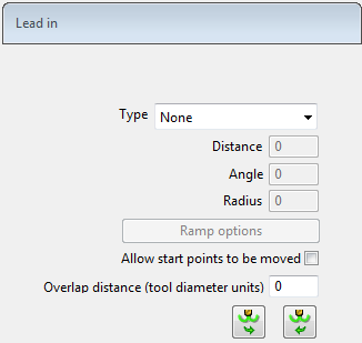 Ramp Options — Click to display the Ramp Options dialog, where you can specify how the tool ramps into the stock when using a Ramp-type move. This is available only when a Ramp move is selected as the Type of Lead in move.
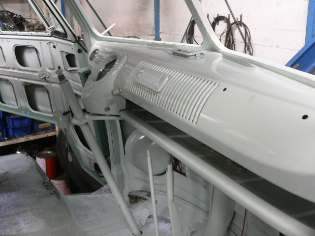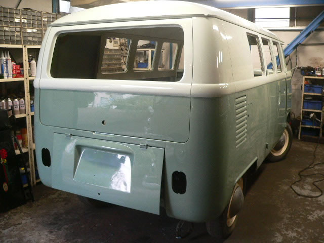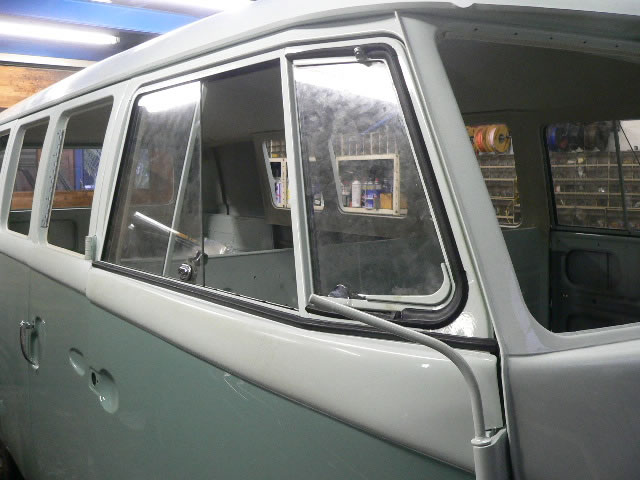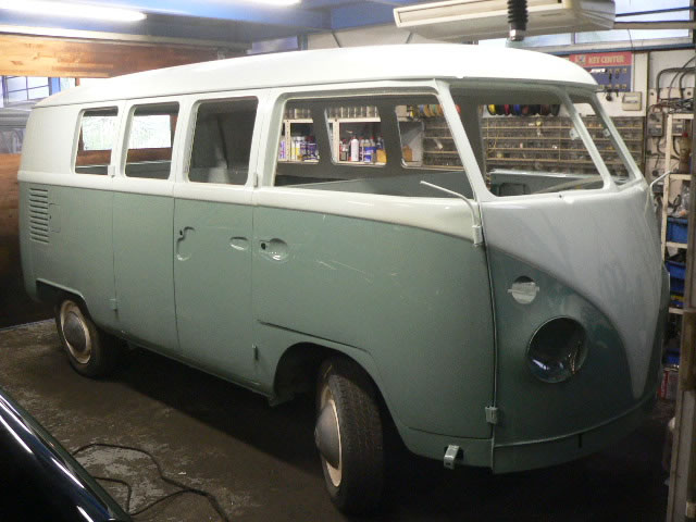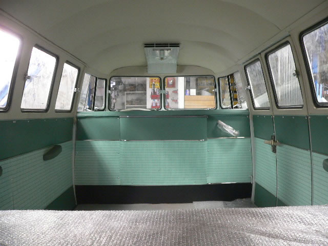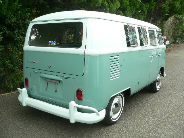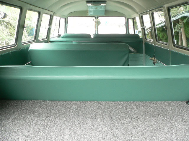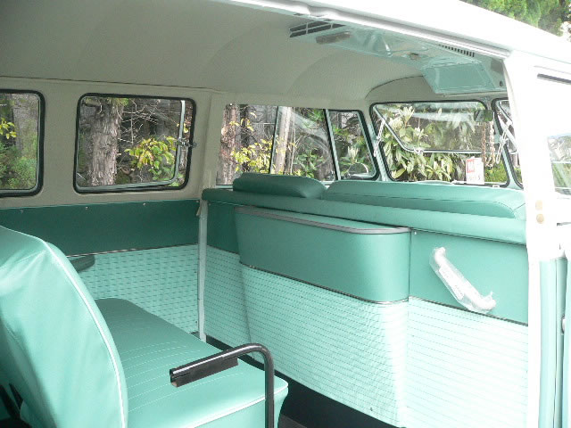 New paint Inside & Outside original color Blue White/ Turquoise. We use good dry condition base BUS. All New Interior. OG VIN style door panel w/ panel moal. Change seat pad to original hair style and recover vintage style seat cover. All New rubbers window, door, cargo door and small pieces. New Safari window installed also had 6 pop out side windows. 1600cc dual port Rebuilt Engine made by TOA. 12V convert Alternater system. Original 14 inch wheel blasted and new paint. New 185-75-14 White ribbon tire and new wheel cap. Chassis black and undercoat painted.
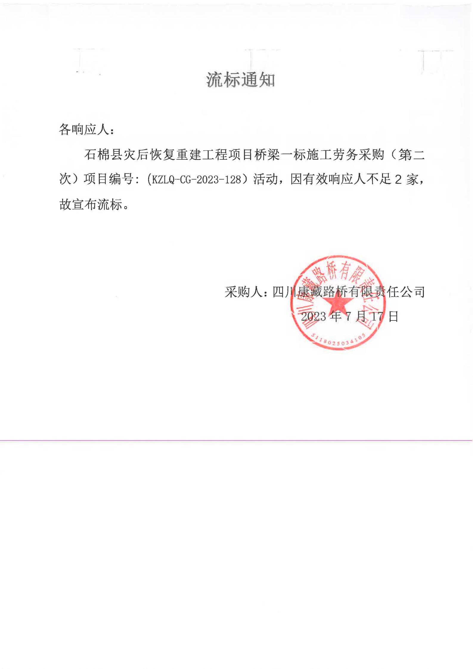 四川康藏路橋有限責(zé)任公司石棉縣災(zāi)后恢復(fù)重建工程項目橋梁一標(biāo)段施工勞務(wù)采購(第二次)流標(biāo)通知
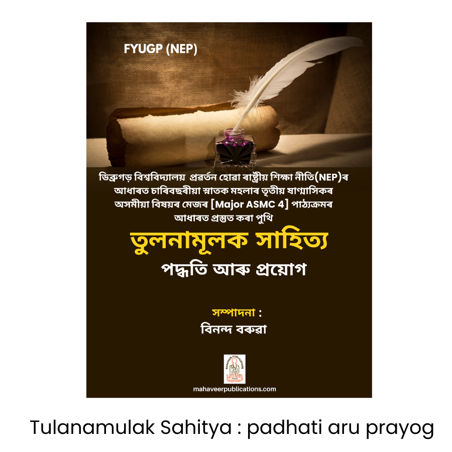 "Tulnamulak Sahitya: Padhati aru Prayog" by Binanda Barua is a comprehensive textbook designed as per the FYUGP NEP 2020 syllabus for BA 3rd Semester Assamese Major (ASMC4) under Dibrugarh University. The book offers a deep insight into the methods and application of Comparative Literature (Tulnamulak Sahitya), exploring theoretical foundations along with practical examples. It covers comparative literary theories, Indian and Western approaches, and provides analytical tools to study texts across languages and cultures. Published by Mahaveer Publications, this book is an essential academic resource for Assamese literature students to understand cross-cultural literary connections.পাঠ্যসূচীৰ সামগ্ৰী (সুচীপত্ৰ):

+ + + +

ACTION ITEM> Would you reproduce the lines from the one with "New paint Inside" through the final line of the data above, exactly and only those, without any pictures?

RESPONSE AREA>
 New paint Inside & Outside original color Blue White/ Turquoise. We use good dry condition base BUS. All New Interior. OG VIN style door panel w/ panel moal. Change seat pad to original hair style and recover vintage style seat cover. All New rubbers window, door, cargo door and small pieces. New Safari window installed also had 6 pop out side windows. 1600cc dual port Rebuilt Engine made by TOA. 12V convert Alternater system. Original 14 inch wheel blasted and new paint. New 185-75-14 White ribbon tire and new wheel cap. Chassis black and undercoat painted.
 四川康藏路橋有限責(zé)任公司石棉縣災(zāi)后恢復(fù)重建工程項目橋梁一標(biāo)段施工勞務(wù)采購(第二次)流標(biāo)通知
 "Tulnamulak Sahitya: Padhati aru Prayog" by Binanda Barua is a comprehensive textbook designed as per the FYUGP NEP 2020 syllabus for BA 3rd Semester Assamese Major (ASMC4) under Dibrugarh University. The book offers a deep insight into the methods and application of Comparative Literature (Tulnamulak Sahitya), exploring theoretical foundations along with practical examples. It covers comparative literary theories, Indian and Western approaches, and provides analytical tools to study texts across languages and cultures. Published by Mahaveer Publications, this book is an essential academic resource for Assamese literature students to understand cross-cultural literary connections.পাঠ্যসূচীৰ সামগ্ৰী (সুচীপত্ৰ):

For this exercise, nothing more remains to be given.